The conversation moved on from there, but stayed with me. I kept coming back to this moment, wondering what on earth made me say that. Recognising that this is exactly what Afro-Germans keep fighting with, the belief that only White people can ever be fully German. I had just read a number of books of narratives of Afro-German women unpacking exactly these kind of experiences. How could I - after all these years of dialogue work, after reading all these books - still come up with such a statement? Where did that suddenly come from? Had you asked me whether I believe that people of colour could be German, I would have said, sure they can.... and still deep down, after digging through layers of layers of my whiteness, my white privilege, white supremacy, I can still say something like that. How do you unlearn something that is sitting so deep in you, you don't even know you have it ? (I dread starting to dig into the roots of this belief - assuming it must come from Nazi Germany and its ideas around a 'pure race'). In that moment it finally sunk in what one of the facilitators at the workshop had said, that the structure is in the person, in ourselves. And to fight the structure we have to change ourselves first. And I also started understanding why my friends of colour say that whites can never be trusted, no matter how 'woke' or how much they see themselves as allies.

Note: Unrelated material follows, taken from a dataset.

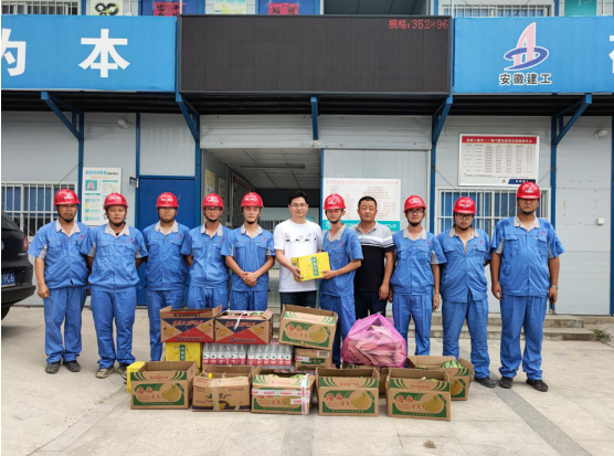 驕陽似火,酷暑難當。隨著聒噪的蟬鳴,又迎來了今年的高溫季節。自7月中旬,公司啟動“關愛一線、夏送清涼”慰問一線活動以來,六分公司領導班子先后走進文一·春風里、文一·錦門繁華里等項目部開展慰問活動。慰問期間,每到一處,不僅為一線職工送上礦泉水、毛巾、花露水、綠豆、藿香正氣水、防暑藥品等慰問品,還深入到項目施工現場,與職工親切交談,要求項目部做好高溫防暑工作,靈活安排作息時間,落實高溫天氣作業安全防范措施,切實做好當前防暑降溫工作,防止發生中暑事件,確保人身安全。

And this brings me to the second insight I got last week. This is something I have been thinking of for a while. One of the most consistent feedback I get from my partner, is that my anti-racist work does not translate into our relationship. He has been complaining for a while that he feels I do not support him, do not stand up for him when it comes to racist incidents. Many of these relate to the school our children go to. I had listened to his complaints but again it hadn't really sunk in. Until very recently when we revisited two incidents that have happened a while ago. First - the incident at the 12 Apostels, which my friend describes in her blog. In short a black friend of ours booked a table, turned up with her black family and was told there was no reservation. She then asked a white friend of ours to call and try and book a table and that friend was given a table immediately. When our black friend consequently approached management to complain, she was told off by the manager, given some lame excuses around busy times and mix-ups. However, when the white friend called to complain in her place, she was given an apology. When this incident happened I was furious, outraged and saw that this was completely wrong. Fast forward a year or two and we are at our children's school, in a meeting with management and teachers, about an incident my son was involved in at a class camp. Without going into too much detail, one of the teacher showed such extreme aggressive reactions towards my husband at the meeting, it had to be stopped. The consensus among teachers and parents involved was that these strong emotional reactions were racially triggered. My husband was furious and warned me that we would never set food at the school again. I went to the principal to ask for an apology - which I got: an e-mail sent to me, with a request to forward to my husband. Sounds familiar? Yes, the apology was again given to the white person, a bystander, not the offended person of colour. But this time did I see it that way? No, I found 102 excuses why that was ok. I did not see the disrespect when it affected my partner. One could argue that there might have been no intention to offend - but it was read that way. And that should have been the element that should have counted for me. How the action was received. And this is not the only example I reacted this way.
Paolo Freire says: Trust is contingent on the evidence which one party provides the others of his true, concrete intentions; it cannot exist if that party's words do not coincide with their actions. To say one thing and do another - to take one's word lightly - cannot inspire trust.
It clearly is easier to see racism when it is not that close to home - when it does not affect me intimately. Does not affect my life. Does not force me to take decisions I do not want to take (like moving your brown children to a different, more woke school). If this is the case, can I ever be trusted as an ally in anti-racism work? Would I stand up for my colleagues if it affected me personally as well? I guess this goes back to a blog post I wrote a few weeks ago, about having to decide whether it is still ok to move between different worlds, or whether I need to pick sides. Commit to this work fully. With my whole being. Not when and where it suits me. And how do I even start apologising to my partner?